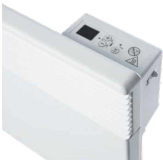
Thermostat électronique avec sécurité enfant

Le convecteur compact permet de chauffer rapidement les pièces à vivre, caves, toilettes, chambres à coucher et espaces de loisirs. Le modèle est également idéal pour les salles de bains étant donné que tous les appareils sont étanches aux éclaboussures. L'élément de chauffage monobloc réchauffe rapidement et efficacement l'air. Les grilles diffusent l'air chaud dans la pièce vers l'avant par convection naturelle, empêchant ainsi la décoloration du mur. Le thermostat électronique assure une mesure précise de la température ambiante et permet le réglage des 4 modes de fonctionnement : confort, économie d'énergie, protection antigèle et arrêt. Le thermostat peut être adapté aux besoins individuels à l'aide d'un programme hebdomadaire. Il optimise l'utilisation du chauffage en détectant la chute de température et répond à la directive d'écoconception LOT 20.
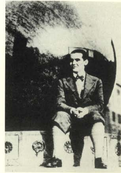
Federico García Lorca sentado junto a la bola de pórtido a la entrada de la biblioteca de la Universidad de Columbia. Nueva York, 1929.

En su casa de La Huerta de San Vicente Federico escribe. Allí le van llegando cartas y recuerdos de los amigos más próximos, más queridos de esos años. Recuerda a sus ídolos literarios -Garnier, Walt Whitman, Hart Crane, T.S. Elliot...-, a sus iconos mentales, aquellos que comparte con la vanguardia, los de la modernidad fracturada que a veces se convierte en muchas, que se disfraza para que nadie la reconozca, co-
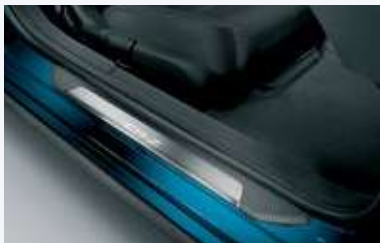
Adorno de piso para puerta
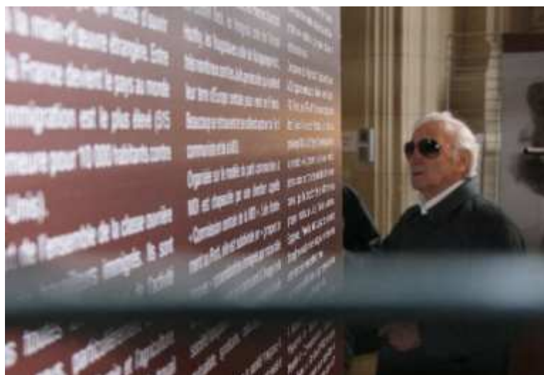
Détour de la mémoire

▶ Task instructions
Report, for the data above, every line in which the string "para" appears.

▶ Answer to the exercise
En su casa de La Huerta de San Vicente Federico escribe. Allí le van llegando cartas y recuerdos de los amigos más próximos, más queridos de esos años. Recuerda a sus ídolos literarios -Garnier, Walt Whitman, Hart Crane, T.S. Elliot...-, a sus iconos mentales, aquellos que comparte con la vanguardia, los de la modernidad fracturada que a veces se convierte en muchas, que se disfraza para que nadie la reconozca, co-
Adorno de piso para puerta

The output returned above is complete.